__Work task__:
Ignore the pictures in the data below and set down exactly the lines from its first line through the line containing "这是我被要求为一个庆典设计的".

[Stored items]
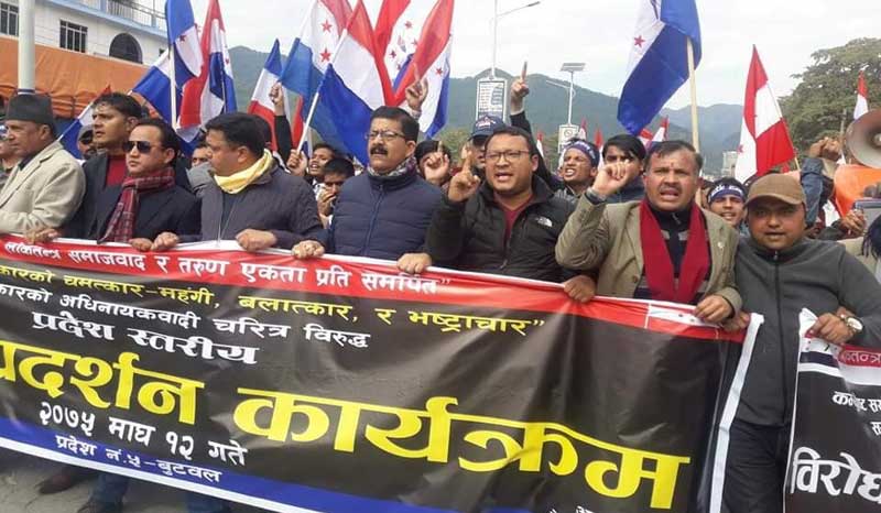 बुटवलमा नेपाल तरुण दलले कम्युनिस्ट सरकारविरुद्ध आयोजना गरेको विरोध सभालाई सम्बोधन गर्दै अध्यक्ष बस्नेतले मेलम्ची खानेपानीको ठेकेदारसँग मन्त्री बिना मगरले पाँच करोड घुस लिएको बताए ।
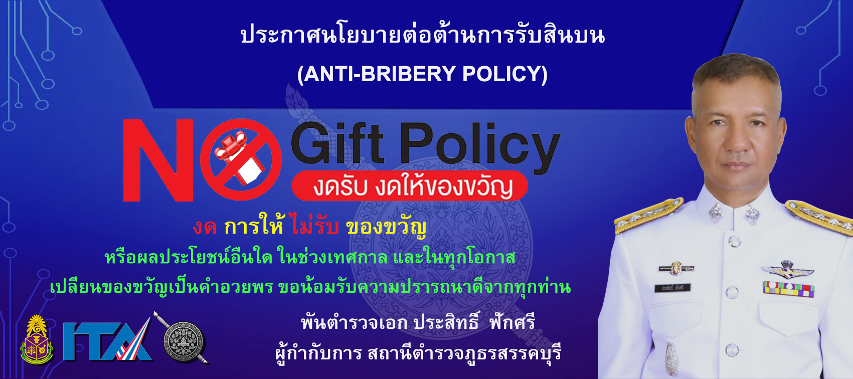 สถานีตำรวจภูธรสรรคบุรี ขอแสดงประกาศนโยบายการต่อต้านการรับสินบน (Anti-Bribery Policy) โดย พ.ต.อ.ประสิทธิ์  ฟักศรี ผกก.สภ.สรรคบุรี และ ได้เผยแพร่ฉบับแปลเป็นภาษาอังกฤษควบคู่กับฉบับภาษาไทย มีรายละเอียด ด้านล่างนี้
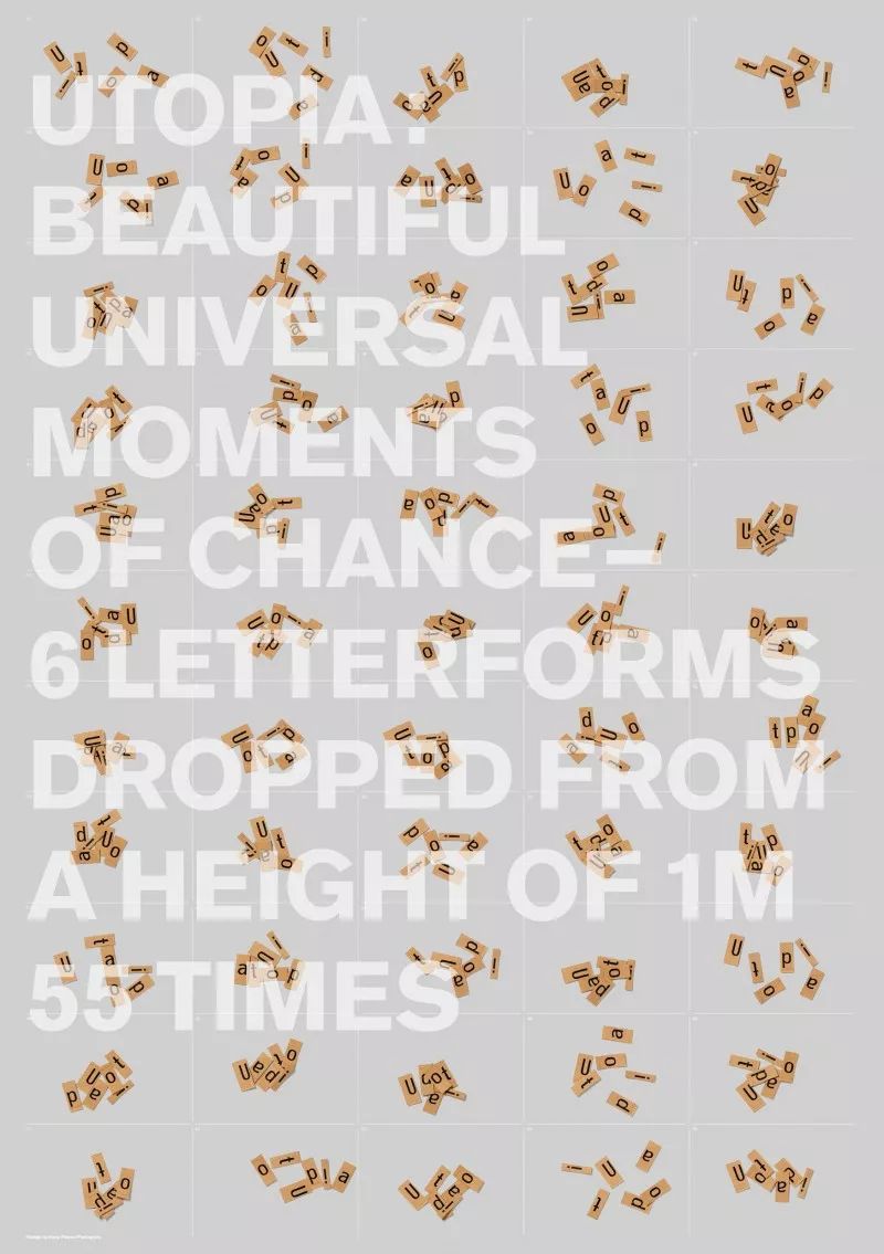 这是我被要求为一个庆典设计的视觉,表达未来乌托邦存在所必需的东西。我的想法是,机会和意外在社会发展过程中一定是不断出现的——它没有被一些先进的技术所根除。这张海报就是依托于偶然性而制作的,我们真的把乌托邦这个词放了53次。我们让这些字母随机下降并记录了下降的方式,所有这些随机的“下降”就成为了海报。
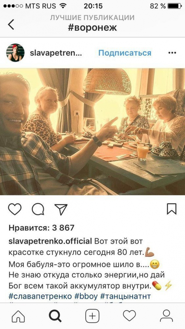 Участник 1-го сезона проекта «Танцы» на канале ТНТ, представлявший Воронеж, в субботу поразил своих поклонников необычным снимком. На нем Вячеслав Петренко, которого на шоу все знали, как SLAVA, на фотографии сидит в ресторанчике. Его окружают три дамы бальзаковского возраста. На одну из них Вячеслав показывает пальцем и ниже комментирует:
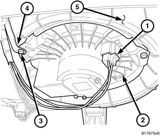2. Install the three screws (3) that secure the blower motor and the wire lead bracket (4) (if equipped) to the HVAC housing. Tighten the screws to 1.2 Nm (10 in. lbs.).
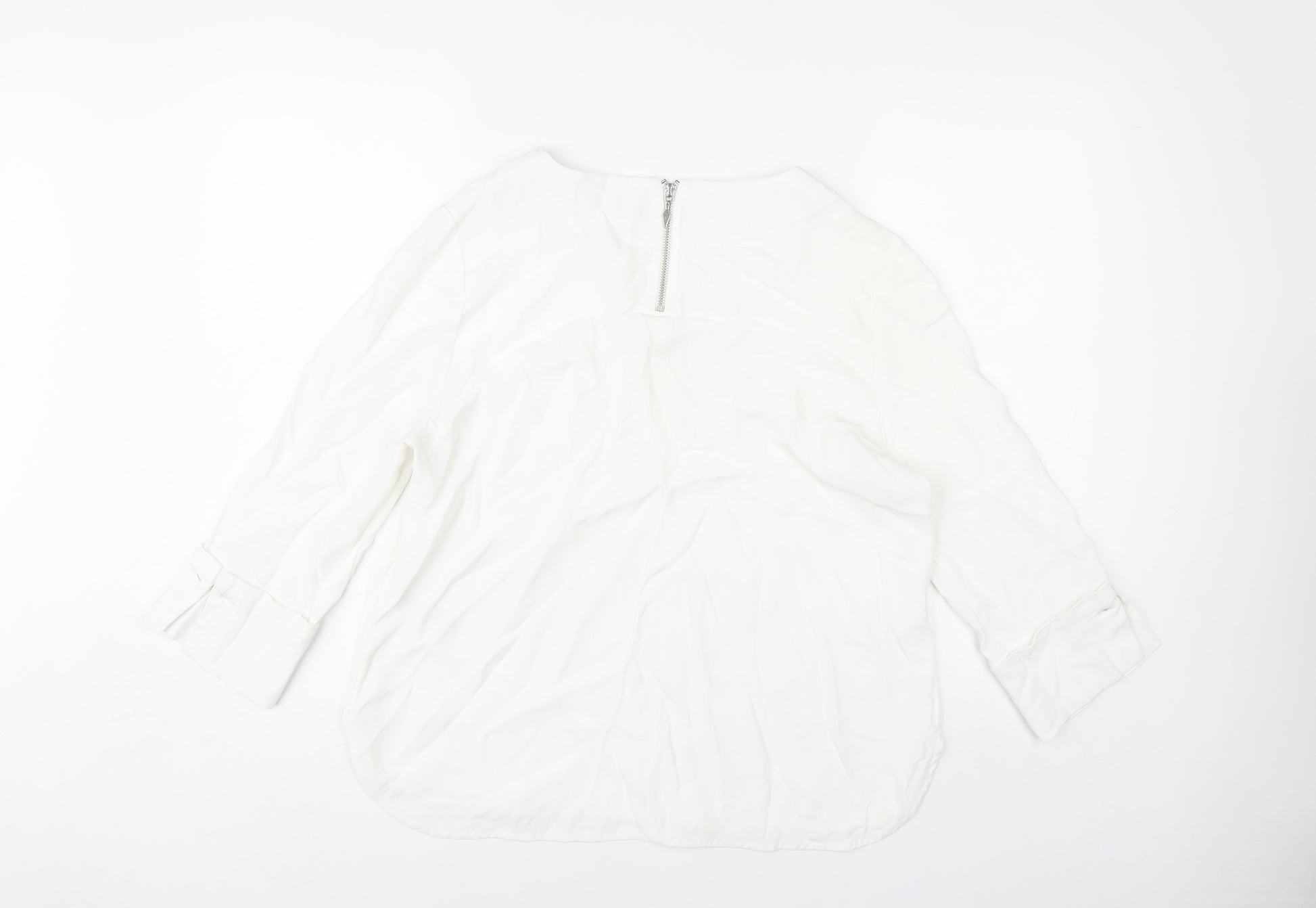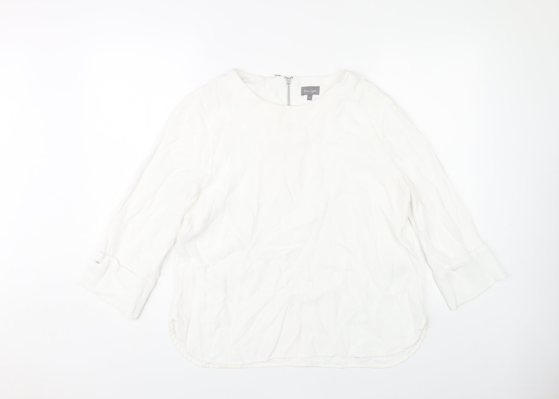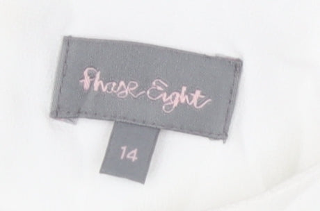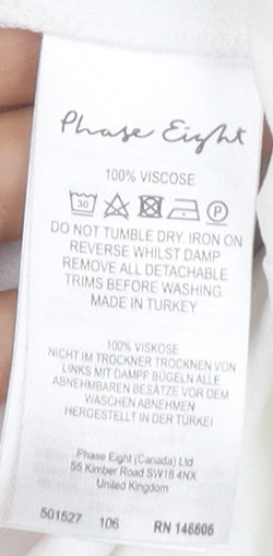 This elegant Phase Eight blouse is a sophisticated choice for any wardrobe. Crafted in a regular fit, it features a luxurious 100% Viscose fabric for a soft and comfortable feel. The white colour lends a fresh, clean look, perfect for various occasions. With a round neckline and 3/4 sleeves, this blouse boasts a timeless design that complements both smart and casual outfits. The solid pattern adds to its versatility, making it ideal for everything from business meetings to casual outings. Finished with a secure zip closure at the back, this blouse ensures easy wearability. Although in excellent condition, mild creasing can be observed, which does not detract from its elegant appearance. Machine washable for convenient care, this Phase Eight blouse is a reliable addition to your wardrobe, offering style and comfort in one chic piece.
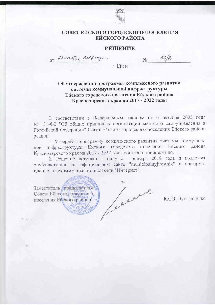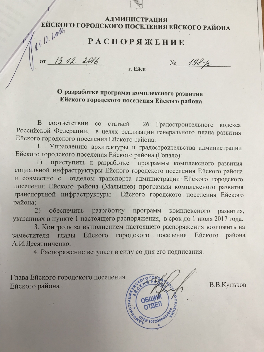 Программы комплексного развития города Ейска

__Result for this task__:
 बुटवलमा नेपाल तरुण दलले कम्युनिस्ट सरकारविरुद्ध आयोजना गरेको विरोध सभालाई सम्बोधन गर्दै अध्यक्ष बस्नेतले मेलम्ची खानेपानीको ठेकेदारसँग मन्त्री बिना मगरले पाँच करोड घुस लिएको बताए ।
 สถานีตำรวจภูธรสรรคบุรี ขอแสดงประกาศนโยบายการต่อต้านการรับสินบน (Anti-Bribery Policy) โดย พ.ต.อ.ประสิทธิ์  ฟักศรี ผกก.สภ.สรรคบุรี และ ได้เผยแพร่ฉบับแปลเป็นภาษาอังกฤษควบคู่กับฉบับภาษาไทย มีรายละเอียด ด้านล่างนี้
 这是我被要求为一个庆典设计的视觉,表达未来乌托邦存在所必需的东西。我的想法是,机会和意外在社会发展过程中一定是不断出现的——它没有被一些先进的技术所根除。这张海报就是依托于偶然性而制作的,我们真的把乌托邦这个词放了53次。我们让这些字母随机下降并记录了下降的方式,所有这些随机的“下降”就成为了海报。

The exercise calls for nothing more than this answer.